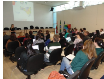
Capacitação CONVIVA (30-10)
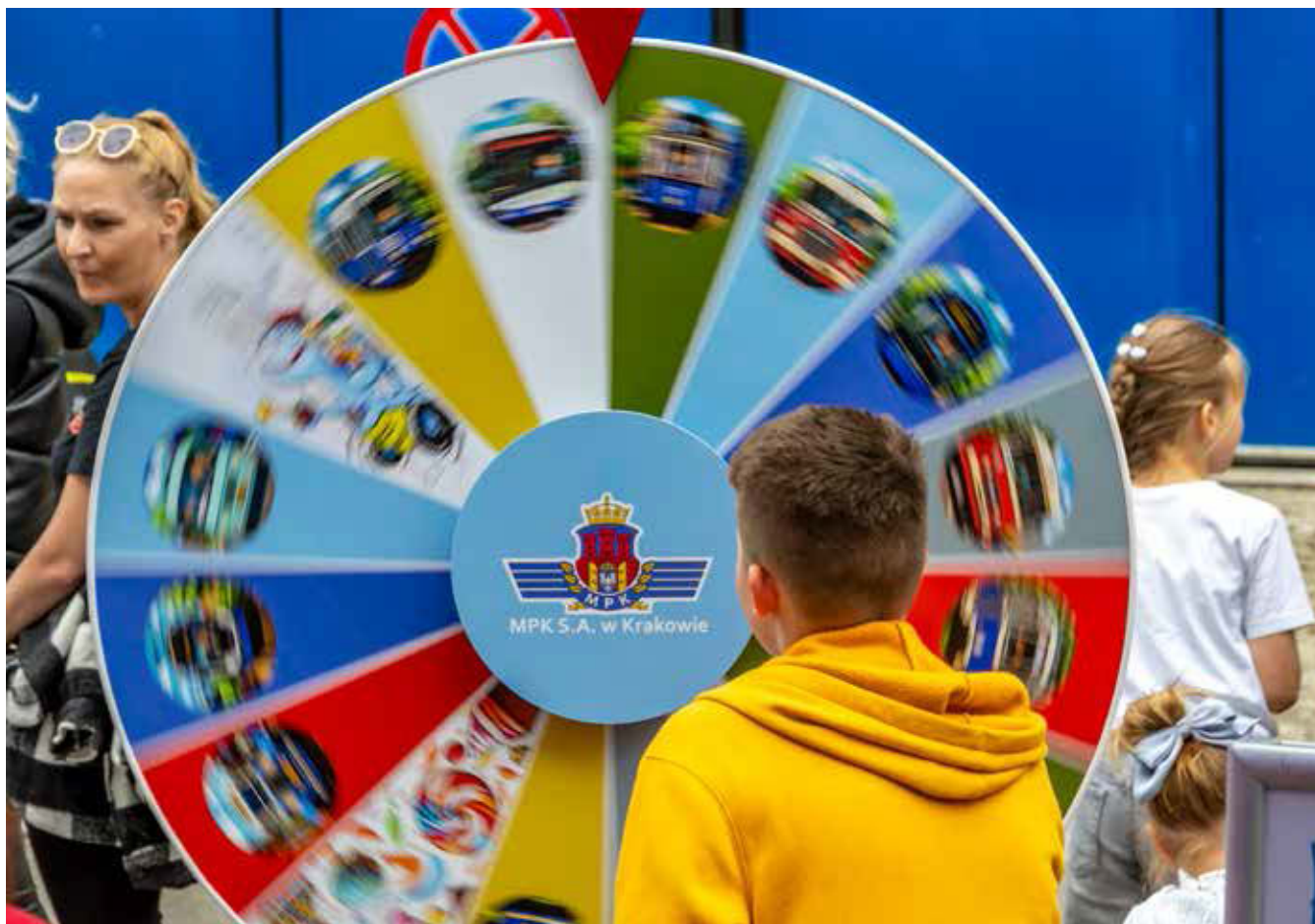
Koło fortuny – gwarancja dobrej zabawy i atrakcyjnych nagród

Dzieci otrzymały kolorowe baloniki, a niestrudzony w zabawie z najmłodszymi Trambuś rozdawał cukierki. Z wielką radością pozował z dziećmi do zdjęć.
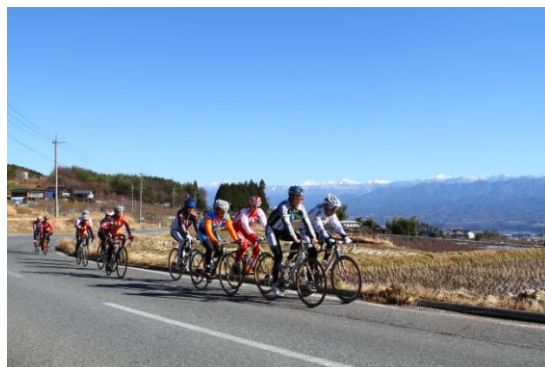
自転車選手とサイクリング
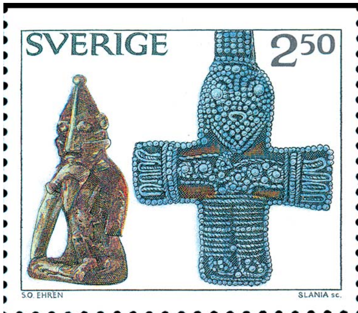
Detta frimärke, utgivet 1990, kan sägas symbolisera brytningen mellan hedendom och kristendom. Till vänster på frimärket är en gudafigur – troligen föreställande fruktbarhetsguden Frej – avbildad. I högra delen på frimärket syns ett kristet krucifix.

En bättre källa är i så fall de gotländska bildstenarna. På flera av dem kan man nämligen finna motiv som återkommer i de skriftliga källorna, motiv som återger religiösa ritualer, men även kopplingar till själva mytologin går här att göra. Odens häst, den åtta-benta Sleipner, finns avbildad på ett flertal av de gotländska bildstenarna.
.....
# [TASK OBJECTIVE]
Locate the line containing "Dzieci otrzymały kolorowe" in the material above, then repeat it and every later line exactly, with no pictures.

# [EXERCISE ANSWER]
Dzieci otrzymały kolorowe baloniki, a niestrudzony w zabawie z najmłodszymi Trambuś rozdawał cukierki. Z wielką radością pozował z dziećmi do zdjęć.
自転車選手とサイクリング
Detta frimärke, utgivet 1990, kan sägas symbolisera brytningen mellan hedendom och kristendom. Till vänster på frimärket är en gudafigur – troligen föreställande fruktbarhetsguden Frej – avbildad. I högra delen på frimärket syns ett kristet krucifix.

En bättre källa är i så fall de gotländska bildstenarna. På flera av dem kan man nämligen finna motiv som återkommer i de skriftliga källorna, motiv som återger religiösa ritualer, men även kopplingar till själva mytologin går här att göra. Odens häst, den åtta-benta Sleipner, finns avbildad på ett flertal av de gotländska bildstenarna.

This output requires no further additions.